Ukraine partly legalized the use of cannabis products for medical purposes on April 7.
The Cabinet of Ministers made legal the use of dronabinol and nabilone, which are synthetic cannabis-like chemicals, and nabiximols, a cannabis extract.
The use of these substances “is allowed only in the form of medical drugs or in the form of substances intended for the production and manufacture of medical drugs,” the decree says.
Cannabidiol isolate, which does not contain any tetrahydrocannabinol (THC) — the main psychoactive component of cannabis — was not made legal.
Dronabinol and nabilone are produced synthetically and imitate the effects of THC.
Dronabinol treats loss of appetite that causes weight loss in AIDS patients, as well as vomiting and nausea during chemotherapy. It is legal in the United States, Australia and Germany, among other countries.
Nabilone is also primarily used to treat nausea caused by chemotherapy and is legal in Canada, the U.S., U.K., and other countries.

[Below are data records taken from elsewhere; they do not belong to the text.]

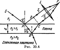 Решение. Из световой волны, падающей на пленку, выделим узкий пучок SA. Ход этого пучка в случае, когда угол падения ε1 0, показан на рис. 30.4. В точках A и В падающий пучок частично отражается и частично преломляется. Отраженные пучки света AS1 и BCS1 падают на собирающую линзу L, пересекаются в ее фокусе F и интерферируют между собой.
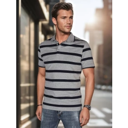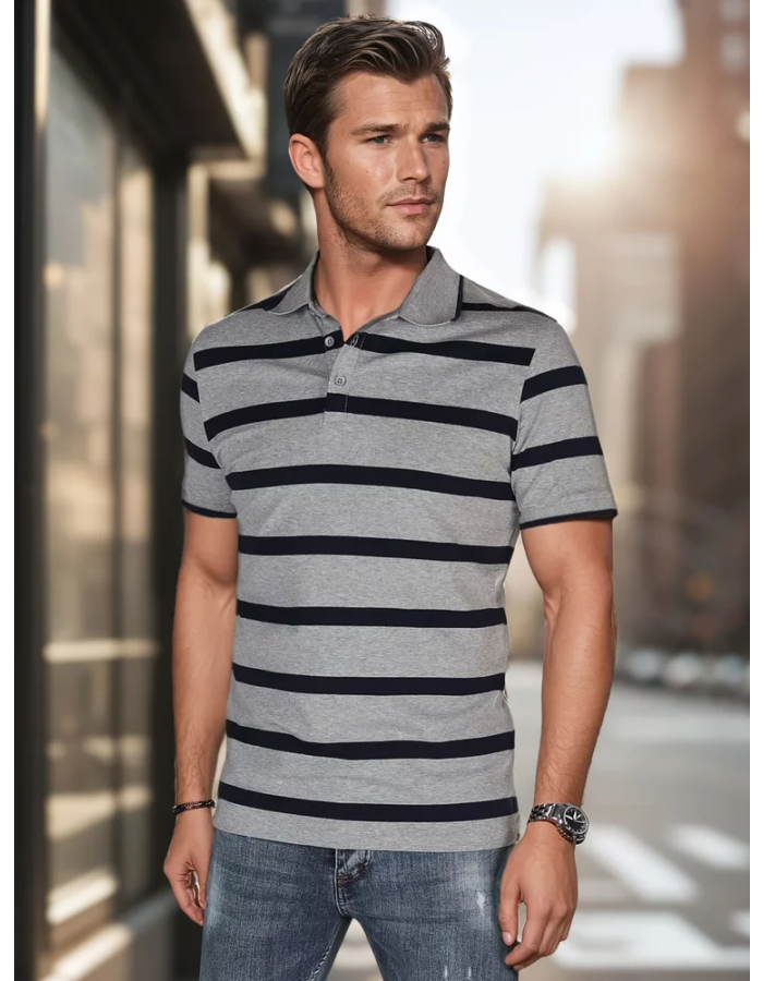 Męska koszulka polo w ponadczasowe paski to świetne połączenie stylu i wygody. Model o klasycznym kroju i kołnierzyku zapinanym na guziki doskonale sprawdza się w codziennych stylizacjach. Miękka tkanina zapewnia komfort noszenia, a uniwersalny wzór świetnie komponuje się z jeansami i sneakersami.
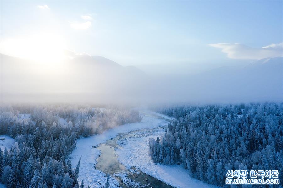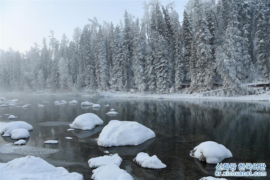 은빛 세상이 펼쳐진 겨울의 신장(新疆) 카나쓰 관광지는 설원, 얼음 호수, 상고대가 어우러져 때로는 한 폭의 수묵화가 펼쳐 지기도 하고, 때로는 동화 속 세계를 방불케 하기도 한다. [촬영/신화사 기자 쑹옌화(宋彥樺)]
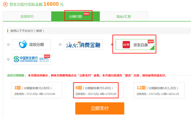 第四步:在支付頁(yè)面,選擇分期付款-京東白條進(jìn)行支付,分期期數(shù)一定要選擇6期哦!
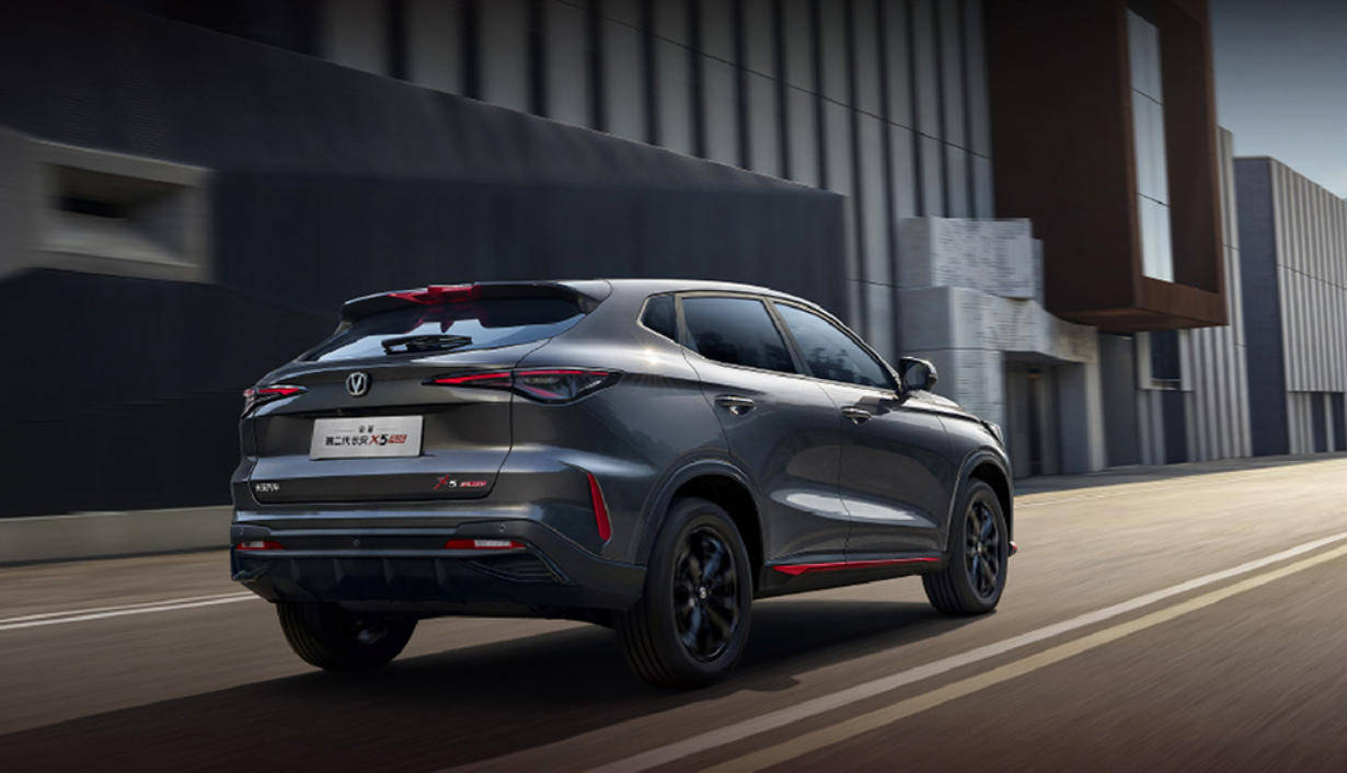 新車側面造型較為飽滿,分段式車側腰線搭配亮黑色輪眉組件運動感十足。另外,第二代長安X5 PLUS還對車窗邊框處進行熏黑處理。車尾部分,兩側造型銳利的LED尾燈組結合集成高位剎車燈的車頂擾流板組件和寬大的熏黑后包圍層次感、辨識度較強。尺寸方面,新車長寬高分別為4540/1860/1590(1620)mm,軸距為2715mm。

Nabiximols is usually sold as mouth spray and is used to treat symptoms of multiple sclerosis, such as neuropathic pain, overactive bladder and spasticity — a condition where muscles tighten, affecting speech and movement. It is legal in 16 countries, including Canada and parts of Europe.
Last year, in the fall, the President’s Office said that around 2 million cancer patients in Ukraine are in need of medical cannabis.
Medical experts say that cannabis is a better pain reliever than other drugs like opioids, which are often toxic and addictive, have dangerous side effects, and can lead to overdose.
Many volunteers and non-governmental organizations that help cancer patients in Ukraine have long been advocating for the legalization of medical cannabis as a safer painkiller.
The possibility of legalization of medical cannabis was one of the questions posed to President Volodymyr Zelensky during his nationwide poll in October. Over sixty percent of respondents supported legalization.